'Brothers Green' Host Cooking Show in Brooklyn Apartment
WILLIAMSBURG — As teens in their suburban Philadelphia home, Mike and Josh Greenfield picked up recipes from TV.
"We learned to cook on Food Network, that was our culinary school," recalled Mike Greenfield, who then went on to pursue architecture in college while his brother studied marketing and joined a band.
Years later, the siblings came back to their childhood ambitions.
They now have their own rooftop vegetable garden and catering business at their apartment off Bedford Avenue — and they star in their very own cooking program called "Brothers Green" on the HUNGRY Channel, Youtube's latest twist on the Food Network run by former Food Network executive Bruce Seidel.
"I never feel like I'm working," said Mike Greenfield between tasting a fresh pepper and watering the tomatoes on his rooftop one morning this week.
"Our ultimate goal is to inspire people who are a little fearful in the kitchen," he said of the show, which has now released episodes the past five Mondays.
The Greenfields' show on HUNGRY is produced by Electus — former NBC co-chair Ben Silverman's company — as one of about 100 new professionally run YouTube channels the site has reportedly pledged to allocate $200 million for marketing.
In the segments viewers can watch the duo kneading pasta dough, whipping up meatballs and alfredo sauce, and concocting breakfast pizza with guacamole — all in their own kitchen.
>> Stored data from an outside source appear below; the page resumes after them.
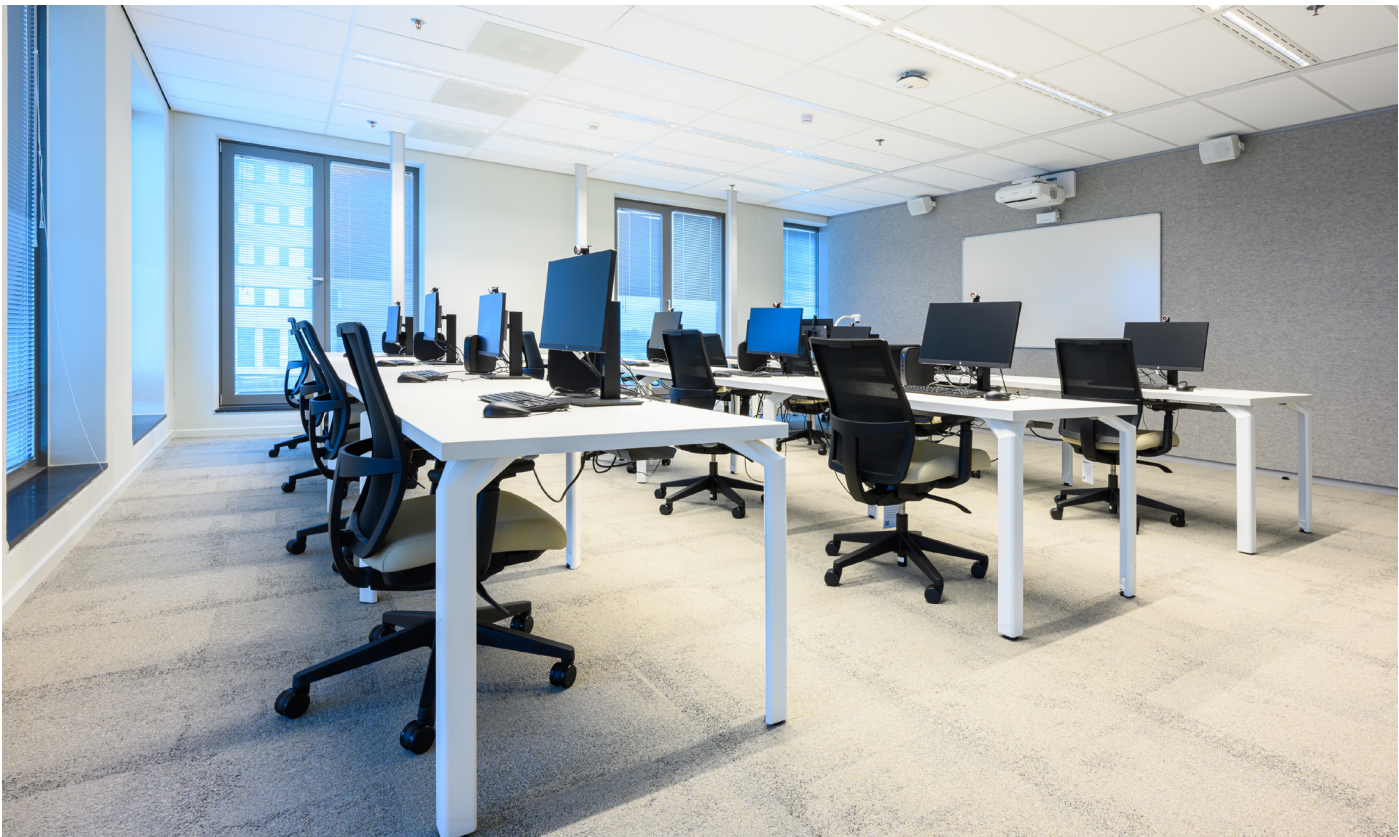
The same attention to ergonomics and seating comfort was given in the work, learning and breakout areas.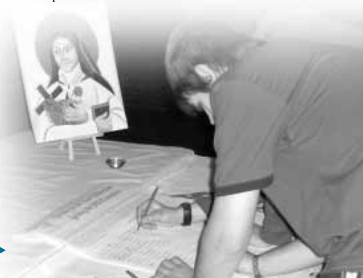
Students signing letter to John Paul II. ►

CCO must continue to be Jesus and to share Jesus with the countless university students searching for meaning in their lives. We have a great responsibility, by the power of God's grace, to live up to John Paul II's appeal to CCO. This is how CCO has and will continue to change the world. As the Holy Father said at World Youth Day 2000, "If you are who should be, you will set the world ablaze!" ♦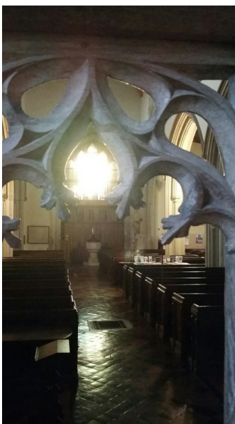
Gt Gransden church interior. Sunset through the tower window

Further information on all aspects of the parish's finances will be given in the statement of accounts for 2017 which is being issued separately at the Annual General Meeting.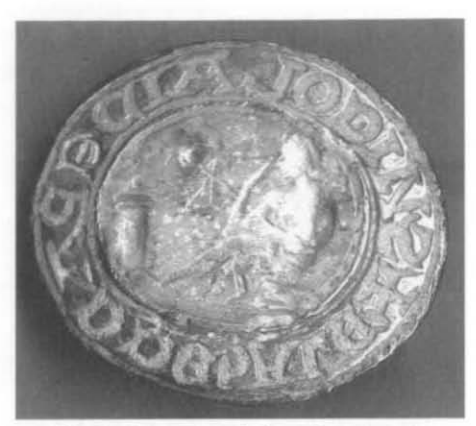
Fig. 2. Gem-set seal from Crowmarsh, Oxfordshire.

Roman gems were quite frequently reused in seals between the 12th and 14th centuries, partly because of the high value placed on them in contemporary lapidary books.<sup>4</sup> Roman gems were traded across Europe and reused not only in seals and rings but in shrines in churches, abbeys and cathedrals, so the gem was almost certainly not found in Britain.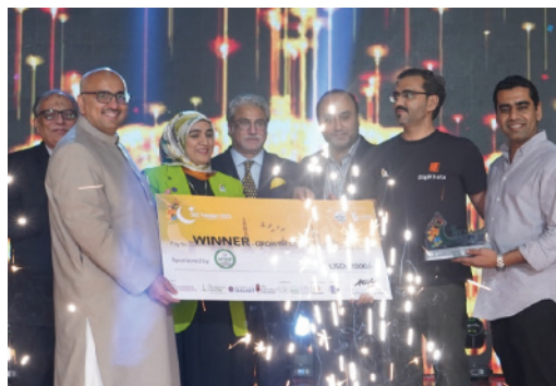
Team Milkify securing the prize money of 3 lacs rupees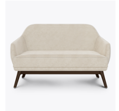
Number of Seats

The selection of varied fabric placement on the seat, back and above the seat rail is optional.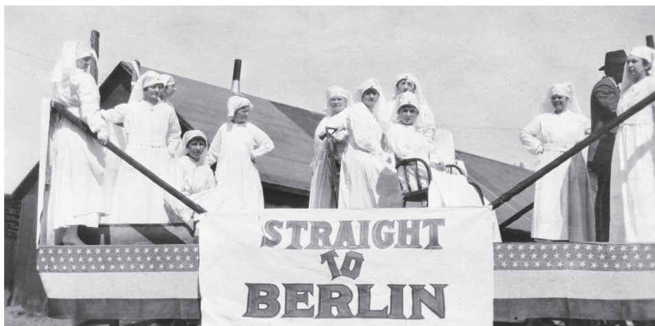
The Red Cross held hundreds of events to support the war including a parade in Hardin encouraging nurses to go overseas to care for soldiers.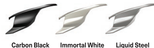
Carbon Black Immortal White Liquid Steel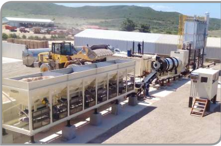
ASPHALT DRUM MIX PLANT

These are fully indigenous models of stationary and mobile plants upto 150 TPH capacity. Globally accepted Plants that have proved themselves in tough situations.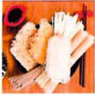
ASIAN (78 ITEMS)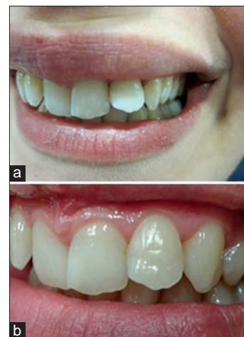
Figure 2: Postoperative images (a) immediately after reattachment showing color difference because of dehydration (b) harmonious integration of color in 2 weeks control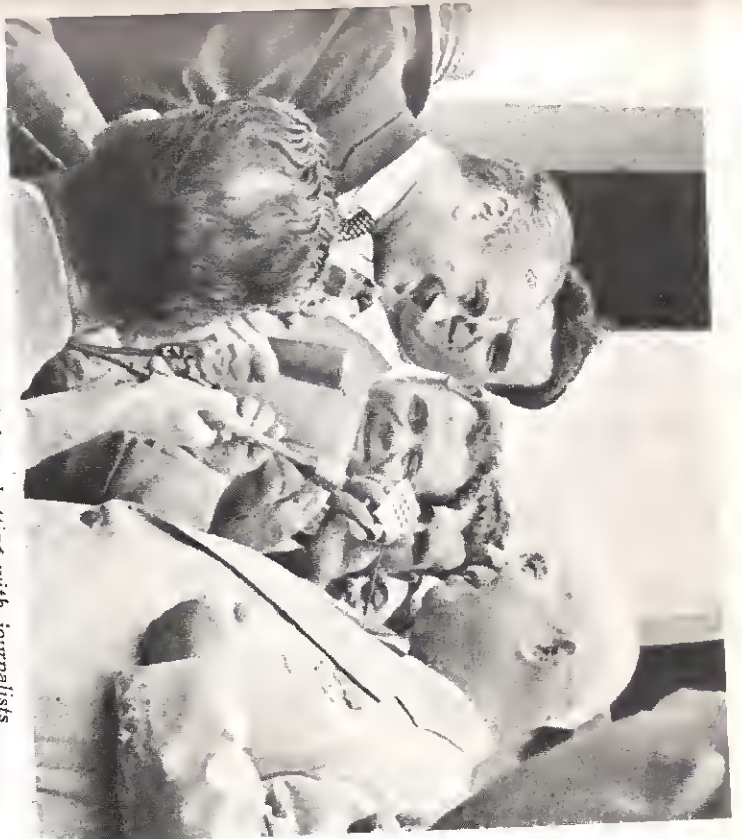
Photo shows N. S. Khrushchev chatting with journalists after his visit to the Lincoln Memorial in Washington.

Now a few words about trade. I have already said at the Economic Club that our economy suffers nothing from the fact that trade is not developing between the USA and the USSR. But if there were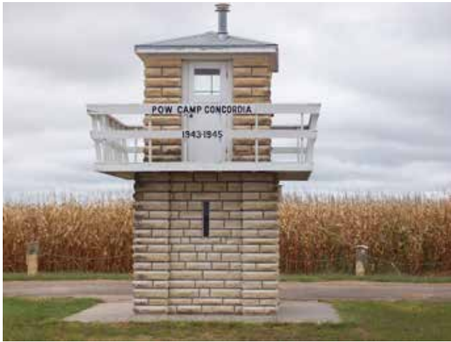
Restored Guard Tower, Camp Concordia, Kansas

Aliceville Museum Aliceville, Alabama BestTrips.guide/amaal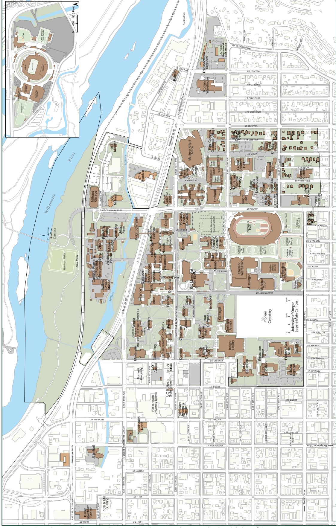
Map 2: University-owned Properties + University Leased Properties in Vicinity of Campus (Refer to Appendix I for a list of university-owned properties outside the campus boundaries, page 184.)

Their Fourth of July burger video has already drawn more than 15,000 views.
"I'm pretty sure next week's is going to be a barbecue episode on our rooftop," Greenfield said, explaining that the footage was filmed this spring during six all-day shoots. He said the station approached the pair after their appearance in a cookoff on the "Rachel Ray Show" last year.
The Greenfields' journey to success started with them throwing parties for friends and producing their own cooking segments — all while transforming their building's roof from an unkempt party mecca to a natural oasis, they said.
"I was looking for a day job to make some money, and people started liking my food and I started giving them weekly meals," said Josh Greenfield, 27, whose main focus when he first moved to the city five years ago was his band, the Canon Logic.
He began planting a few vegetables on the roof, but the space was often overrun by beer bottles and late-night crowds, neighbors recalled — including a Victoria's Secret after-party, resident Jon "JJ" Mansell said.
"As much as I'll miss the days of the Victoria's Secret after-party on the roof, I have come to prefer the more subdued gatherings of hors d'oeuvres and good wine during a quality sunset," Mansell said, and praised the brothers' gatherings in their apartment that welcome other tenants for their culinary creations.
"It's this really natural progression," said Josh Greenfield, noting that the brothers first started a catering company called "Brothers Green" once his younger brother arrived in the city two years ago.
The pair's third roommate was a filmmaker, said Mike Greenfield, so they started their own online makeshift cooking show called "YuNork," whose first episode parodied the violent intro of the television drama "Dexter" — and went a bit too far.
"Josh was so in character, he accidentally immersion blended my chest," said Mike Greenfield, laughing and lifting up his tank top to reveal a scar from the cooking tool's blade, and calling his older brother the "wild" one.
"We've been talking about making a cookbook, called 'Wild and Styled,'" Mike Greenfield said, noting that his brother was the former and he the latter, both in personality and in cooking style.
"Josh throws anything together, he'll make things that have never been created," said Mike Greenfield.
"I'm the more refined [chef] with a creative flare... I'm more stable. He's more crazy."
Josh Greenfield agreed that the two had different culinary approaches, and that he preferred "going with the flow."
"It creates a cool dynamic with the show," said Josh Greenfield.
"We want people to be able to use food as a vehicle — to help themselves and to express themselves."